Israel today is undoubtedly a powerful state. It possesses immense military strength, advanced technology, and a resilience forged through decades of conflict. However, Israel suffers from a deep dysfunction — politically, ethically, and strategically. Israel, and we, the people of Israel, are trapped in a vicious cycle of fear, domination, and recurring wars, a cycle that produces neither security, legitimacy, nor hope.

This situation was not a surprise. More than a century ago, Ahad Ha'am (Asher Ginzberg), one of the most prominent Jewish Zionist thinkers, warned that if Jewish sovereignty were separated from Jewish ethics, it would undermine itself. Ahad Ha'am was not opposed to power, but he insisted that power be constrained by moral responsibility. Today, it is difficult to escape the conclusion that Israel has ignored this warning — and it is paying the price, a price that will continue to rise over time.

The gap between Ahad Ha'am's vision and the political reality that has taken shape over many years under Benjamin Netanyahu, Israel's longest-serving prime minister, is enormous. Ahad Ha'am presented a philosophy based on moral self-restraint, human dignity, and responsibility towards the other. Netanyahu, on the other hand, has overseen a political strategy based on a permanent state of emergency, the normalization of occupation, and the reduction of politics to security management, leading today to the illegal annexation of Palestinian territories.

This contradiction is not theoretical; it lies at the heart of the ongoing Israeli crisis.

Ahad Ha'am: Sovereignty as a Moral Test

Ahad Ha'am rejected the idea that Zionism was merely a reaction to antisemitism or a project for a state for its own sake. For him, Zionism was an ethical experiment. Jewish sovereignty was not the end of the road, but the beginning of a test. He wrote: “The state is not the beginning of salvation, but its test.”

In his famous 1899 essay, “The Truth from the Land of Israel,” Ahad Ha'am shattered the myth of the “empty land.” Like Jabotinsky later, he insisted that the Arab population in Palestine was real, deeply rooted, and would resist injustice. “The land is not empty; it is inhabited,” he warned, adding that mistreating the local population would ultimately destroy the moral legitimacy of the Jewish national project. This warning has proven painfully true.

For Ahad Ha'am, Jewish nationalism could only remain alive if it remained connected to universal human values. Power that abandons ethics does not strengthen Zionism; rather, it empties it of its content from within.

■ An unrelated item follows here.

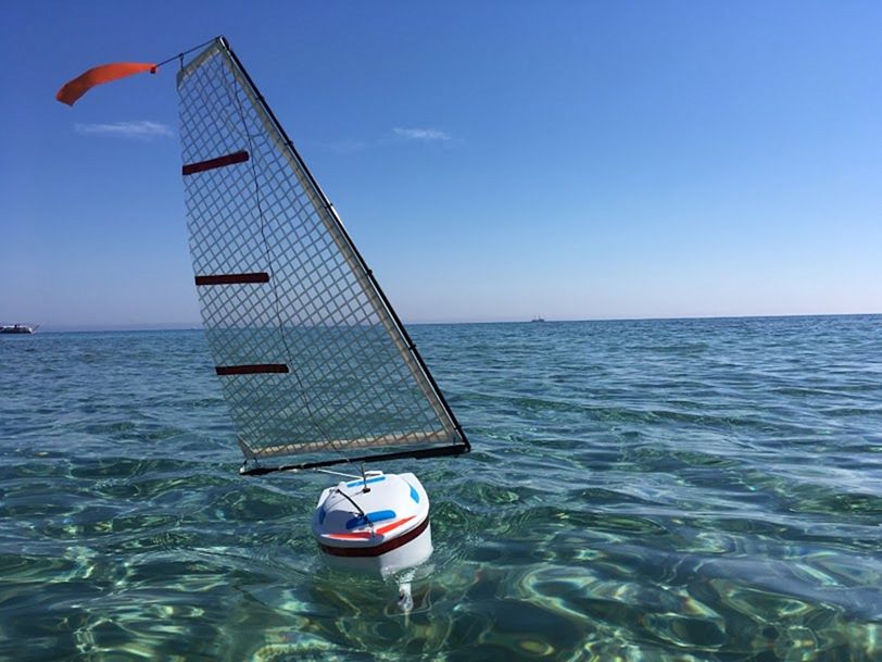 ) k překvapení bez problému držela kurs, i když občas z dolíků mezi vlnami vykukovala půlka plachty. Nutnost je držet dostatečnou rychlost (na bočák doslova co to jde), najíždět vlny trochu šikmo a na vrcholu jít (pokud chceme) do obratu (zhoupnutí na hřebenu vlny loď odlehčí) - kormidlo plynule vychýlit naplno do požadovaného kursu za plynulého přitahování plachty a po dotočení obratu do požadovaného kursu ji zase povolit a nastavit na potřebný úhel. Hlídat rychlost je opravdu základ! Serva se moc často nezastaví a je dobré pro klid mít dostatečnou kapacitu akumulátorů, a hlídat trochu čas - utíká rychle.

Netanyahu's Zionism: Power Without Direction

Prime Minister Benjamin Netanyahu represents the exact opposite approach. His political vision has been almost entirely shaped by the language of threat, deterrence, and personal political survival. Over many years in power, Netanyahu has transformed Israeli politics into a permanent state of emergency, where ethical questions are treated as irrelevant luxuries, and long-term political solutions are indefinitely postponed.

Netanyahu was clear in his rejection of Palestinian sovereignty. In 2015, on the eve of elections, he explicitly declared: “There will be no Palestinian state under my watch.” Despite his subsequent attempts to rephrase this statement for an international audience, his policies since 2009 have consistently reflected this position. The refusal to pursue a viable political solution was central to his leadership — and central to its failure. This path did not produce security but led directly to October 7, 2023.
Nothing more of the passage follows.